Hush is a 2008 British horror film about a young couple on a motorway journey who are drawn into a game of cat and mouse with a truck driver following a near accident. The film is directed by former BBC Radio 1 DJ, Mark Tonderai, and stars William Ash and Christine Bottomley. The film was produced by Warp X, UK Film Council and Film4 who supplied the funding for the film. The film was distributed by Optimum Releasing.

Plot
Zakes (William Ash) and his girlfriend Beth (Christine Bottomley) are travelling along the M1 motorway at night, bickering over the fragility of their strained relationship. While Beth is asleep, a large white truck overtakes Zakes and its tailgate momentarily slides up, revealing a naked woman, bound and bloodied in a cage, screaming for help. He immediately calls 999 but is unable to provide a number plate as it is covered in dirt.

Zakes follows the truck and, when they come to a standstill in a queue of traffic, he gets out and goes to the truck, managing to slide his hand under the tailgate to take a photograph using Beth's mobile phone. It appears to be nothing more than a white blur from the flash but Zakes later suspects it could be a hand. When the traffic starts moving, Zakes is unable to follow the truck, making Beth furious, claiming he never takes responsibility for anything.

They stop at a service station; Beth ends their relationship and tells Zakes she will find her own way home. Back at the car, Zakes sees the truck pull up, and watches a man in a dark hooded jacket go inside. Zakes follows to try and find Beth but she is nowhere to be seen. He alerts two security men about her disappearance but they do not believe him. Zakes later finds Beth's necklace in the car park. Believing she has been taken by the man in the truck, he decides to follow it, but upon returning to his car, finds his tyre has been punctured by a group of rowdy football fans. Zakes steals a car from a woman getting fuel at the station.

Meanwhile, one of the security guards decides to look through the CCTV footage. He sees Beth entering the station by herself and sees that she leaves through the back door with a man in a hooded jacket. Suddenly, he is killed by the other security guard who is revealed to be connected with the kidnappings. Zakes follows the truck to a site that is full of identical white trucks. A police officer arrives and arrests Zakes, believing he is trespassing. Zakes begs the officer to check all of the vehicles before they go. When the officer does, he is killed by the hooded man.

Zakes manages to escape from the police car and flees back to his car. Suddenly, a distraught woman appears claiming she has been kidnapped. He lets her in and drives to a nearby house in order to call for help. The elderly couple living there cautiously invite them in; the bloodied woman offers to call the police but cuts the phone line beforehand, revealing she too is part of the plan. She cuts the power in the house, kills the elderly couple and then attacks Zakes. He wakes up with his hands nailed to the floorboards. When he manages to get free, a fight ensues; Zakes overpowers her and finally kills her by stabbing her in the eye with one of the nails.

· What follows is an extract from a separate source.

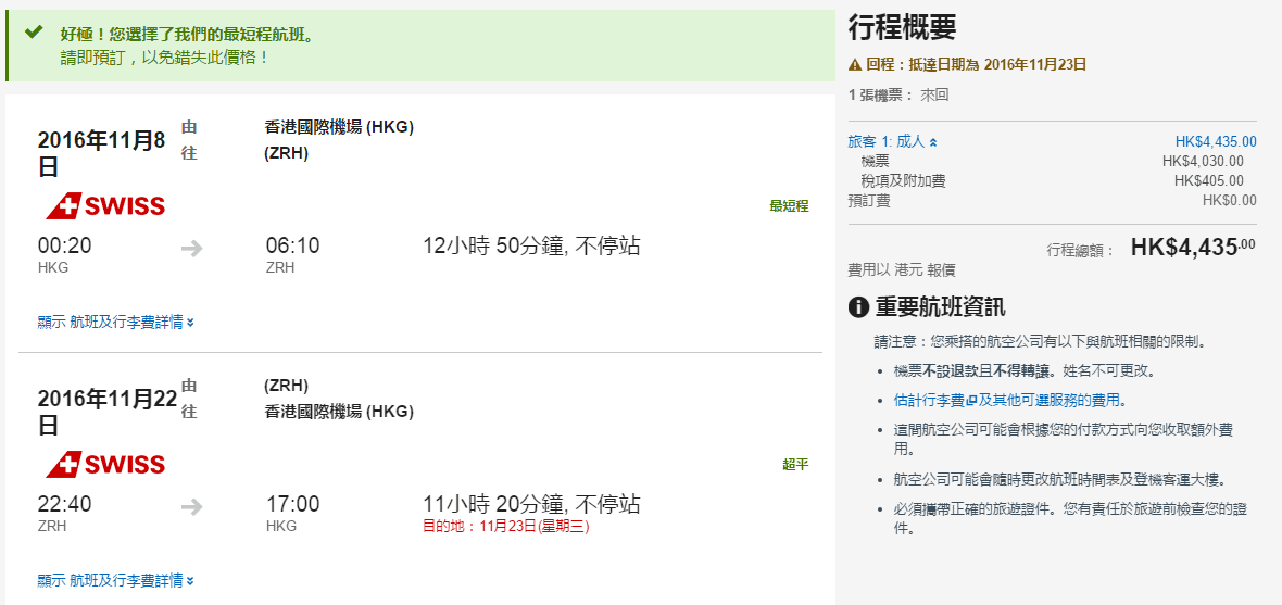 香港直航往返蘇黎世只需$4,030,連稅$4,435,直航黎講都幾抵

Zakes goes back to the truck site and finds Beth chained up in a cage outside. She tells Zakes the keys are with the man who is showering inside. Zakes goes inside and finds several other women locked up and gagged; it is revealed they are being used for human trafficking. Zakes manages to retrieve the keys and returns to Beth to help her escape first, but they hear the man coming and Zakes is forced to flee. A cat-and-mouse game begins when he realises Zakes is hiding on the site somewhere. He calls the woman's phone, which Zakes has on him, and follows the ring to where he is. However, Zakes has left the phone on the seat in an empty truck and is hiding in the forklift nearby. When the man steps into the right spot, Zakes pushes a button and the crane releases a heavy load onto the attacker, killing him.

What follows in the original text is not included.